La abogada Jiménez Emanuelli —quien lleva desde 2005 laborando con esta población— explicó a Microjuris.com que ha escuchado de problemas de salud mental en estos menores al menos mensualmente.

ANTE LA PANDEMIA

La abogada sostuvo que las condiciones de salud mental se han agravado en parte por recortes de servicio y por el confinamiento que propuso el gobierno ante la pandemia por COVID-19, que ha alejado a los adolescentes de su núcleo de apoyo en la libre comunidad, como amigos y familiares.

También hay servicios que se han reducido, como el acceso de los trabajadores sociales. Todo esto, a palabras de la abogada, contribuye al “deterioro de su salud mental”.

“Es un proceso muy doloroso. En ese momento, a partir de marzo de 2020, incluso, yo te diría que la palabra que mejor define es ostracismo. Estos niños, son adolescentes pero para mí son niños, están privados de la libertad y no pueden ver a sus familiares. Podemos ir al mall. Podemos ir a comer a restaurantes, pero no esas personas ingresadas que llevan meses sin ver a sus familiares o grupos de apoyo, sin verlos, hablando con ellos una o dos veces por semana unos 10 minutos”, dijo la abogada.
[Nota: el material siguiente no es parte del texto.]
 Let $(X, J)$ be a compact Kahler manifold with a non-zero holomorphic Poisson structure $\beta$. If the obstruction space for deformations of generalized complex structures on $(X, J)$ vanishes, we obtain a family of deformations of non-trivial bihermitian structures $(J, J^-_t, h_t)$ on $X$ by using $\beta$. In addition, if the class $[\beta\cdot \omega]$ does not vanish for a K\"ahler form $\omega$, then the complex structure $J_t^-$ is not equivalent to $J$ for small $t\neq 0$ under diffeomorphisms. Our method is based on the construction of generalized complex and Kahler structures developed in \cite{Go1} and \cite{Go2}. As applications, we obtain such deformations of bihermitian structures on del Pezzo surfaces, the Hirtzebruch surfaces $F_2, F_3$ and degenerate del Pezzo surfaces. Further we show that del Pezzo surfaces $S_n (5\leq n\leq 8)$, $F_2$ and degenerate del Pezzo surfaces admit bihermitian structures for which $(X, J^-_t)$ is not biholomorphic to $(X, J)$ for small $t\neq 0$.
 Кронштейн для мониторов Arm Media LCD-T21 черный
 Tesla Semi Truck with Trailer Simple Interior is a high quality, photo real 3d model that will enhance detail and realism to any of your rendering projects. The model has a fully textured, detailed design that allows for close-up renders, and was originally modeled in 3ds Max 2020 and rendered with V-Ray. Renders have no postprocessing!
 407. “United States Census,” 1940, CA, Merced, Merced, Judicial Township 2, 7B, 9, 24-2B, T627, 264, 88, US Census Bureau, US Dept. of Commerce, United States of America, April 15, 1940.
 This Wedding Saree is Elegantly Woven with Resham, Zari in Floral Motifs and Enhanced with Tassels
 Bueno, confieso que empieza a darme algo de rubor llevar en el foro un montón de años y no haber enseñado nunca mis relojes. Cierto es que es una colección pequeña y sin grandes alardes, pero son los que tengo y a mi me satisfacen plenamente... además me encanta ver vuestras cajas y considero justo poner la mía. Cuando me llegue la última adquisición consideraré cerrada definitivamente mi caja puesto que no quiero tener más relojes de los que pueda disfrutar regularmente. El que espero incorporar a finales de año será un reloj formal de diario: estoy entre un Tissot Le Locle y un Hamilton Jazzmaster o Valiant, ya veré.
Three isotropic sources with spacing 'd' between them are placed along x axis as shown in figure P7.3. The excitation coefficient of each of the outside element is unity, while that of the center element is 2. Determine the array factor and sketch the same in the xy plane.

La abogada dijo que este tipo de situación debería llevar a repensar las medidas que se toman contra menores que han cometido faltas (los delitos los cometen los adultos).

PROPUESTAS

De acuerdo con la abogada, en el plan de reorganización del DCR debería separarse el sistema de adultos del de menores.

“No es lo mismo las necesidades de un adulto que las de un joven, que está en pleno desarrollo”, dijo.

Jiménez Emmanuelli sostuvo que el dinero debería usarse mejor en servicios para la población y fomentar la rehabilitación, e incluso repensarse por completo cómo se atienden a estos adolescentes.

“Deberían abolir el sistema penal de menores, eso debería hacerse y todo ese dinero invertirlo en mejores programas de servicio, en prevención, en equiparar, reduciendo esa brecha de empobrecimiento que hay en las comunidades”, sostuvo la abogada.